• YOUR GOAL: When you transcribe the listing that follows, keep every line exact and omit the pictures.

• DATASET ENTRIES:

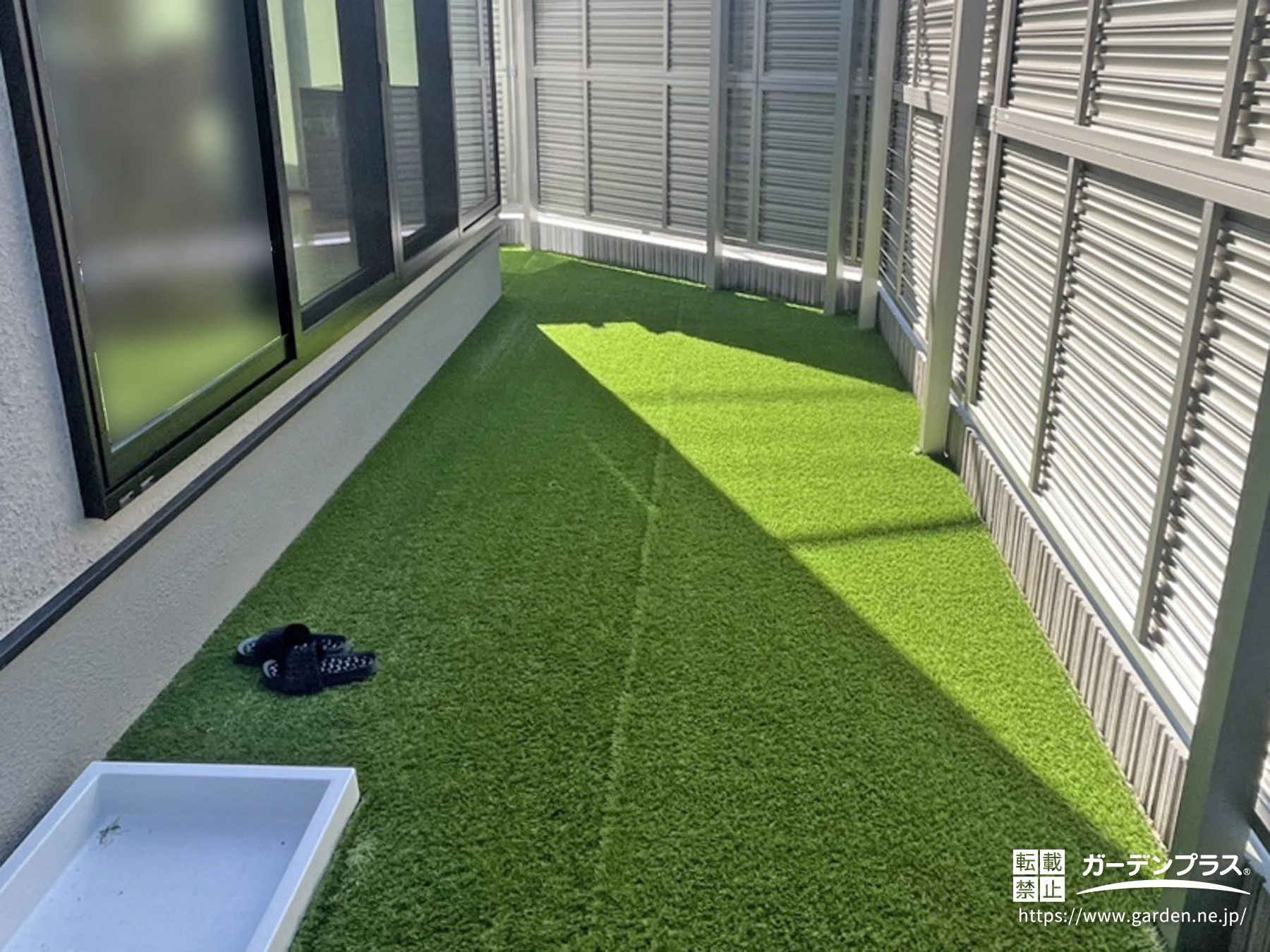 主庭:防草シート + 人工芝
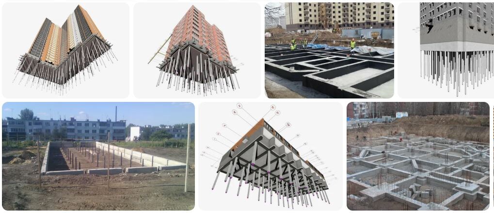 Подскажите, а какие типы фундамента используются для многоэтажных зданий? Я понимаю, что лучший вариант — это использование монолитного фундамента, но насколько это оправдано с технической точки зрения, поскольку такой фундамент обходится достаточно дорого и достаточно трудозатратен, не говоря уже о том, что приходится ждать застывания бетона не менее месяца, прежде чем появляется возможность продолжить строительство. Фундаменты многоэтажных зданий всегда выполняются в монолитном железобетоне, несмотря на то, из чего в дальнейшем планируется возводить стены этих зданий. Другие типы фундаментов, в частности ленточный монолитный применялись, но редко. Так что если вы действительно интересуетесь многоквартирным зданием, то следует внимательно изучить тех. документацию таких проектов.
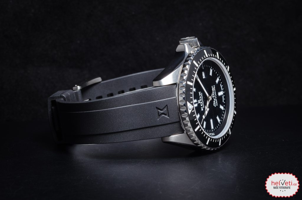Hodinky mají pouzdro z kvalitní ušlechtilé oceli na které navazuje řemínek z velmi příjemného kaučuku. Přehledný černý ciferník chrání safírové sklíčko, jenž je vysoce odolné vůči poškrábání.
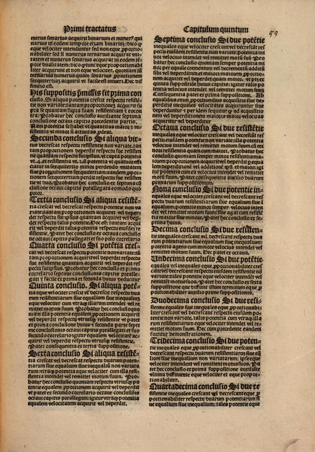 Quartadecima conclusio: si duae resistentiae inaequales crescant vel decrescant aeque proportionabiliter respectu duarum potentiarum sive aequalium sive in[ae]qualium, tales potentiae aequevelociter
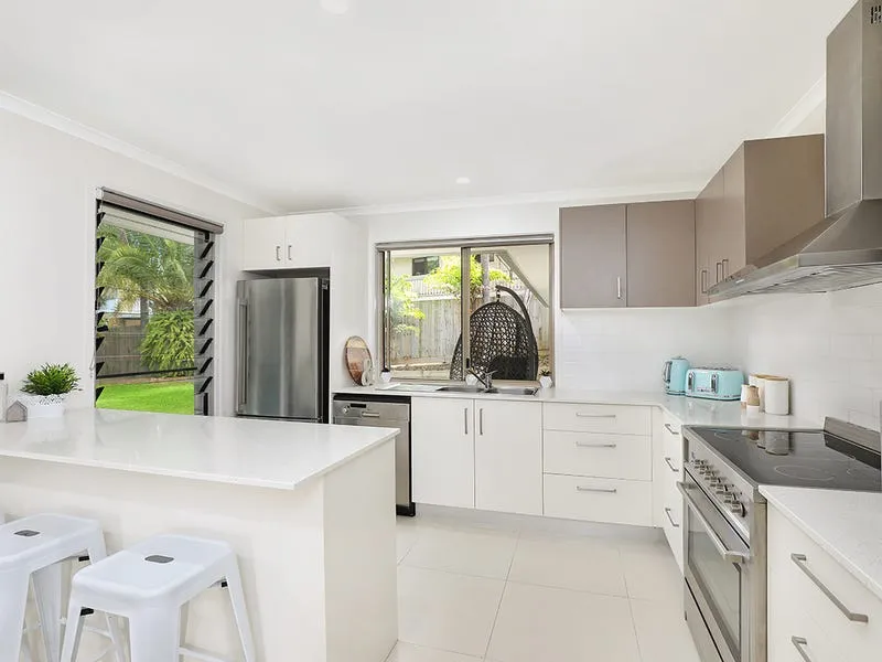 Inside, the home has been thoughtfully updated with a fresh white palette and contemporary finishes throughout. The well appointed kitchen forms the centrepiece of the home, seamlessly connecting to the open plan living and dining areas and flowing directly to the covered outdoor entertaining space. This layout creates a natural hub for everyday living and effortless entertaining.

• ANSWER TO THE PROBLEM:
 主庭:防草シート + 人工芝
 Подскажите, а какие типы фундамента используются для многоэтажных зданий? Я понимаю, что лучший вариант — это использование монолитного фундамента, но насколько это оправдано с технической точки зрения, поскольку такой фундамент обходится достаточно дорого и достаточно трудозатратен, не говоря уже о том, что приходится ждать застывания бетона не менее месяца, прежде чем появляется возможность продолжить строительство. Фундаменты многоэтажных зданий всегда выполняются в монолитном железобетоне, несмотря на то, из чего в дальнейшем планируется возводить стены этих зданий. Другие типы фундаментов, в частности ленточный монолитный применялись, но редко. Так что если вы действительно интересуетесь многоквартирным зданием, то следует внимательно изучить тех. документацию таких проектов.
Hodinky mají pouzdro z kvalitní ušlechtilé oceli na které navazuje řemínek z velmi příjemného kaučuku. Přehledný černý ciferník chrání safírové sklíčko, jenž je vysoce odolné vůči poškrábání.
 Quartadecima conclusio: si duae resistentiae inaequales crescant vel decrescant aeque proportionabiliter respectu duarum potentiarum sive aequalium sive in[ae]qualium, tales potentiae aequevelociter
 Inside, the home has been thoughtfully updated with a fresh white palette and contemporary finishes throughout. The well appointed kitchen forms the centrepiece of the home, seamlessly connecting to the open plan living and dining areas and flowing directly to the covered outdoor entertaining space. This layout creates a natural hub for everyday living and effortless entertaining.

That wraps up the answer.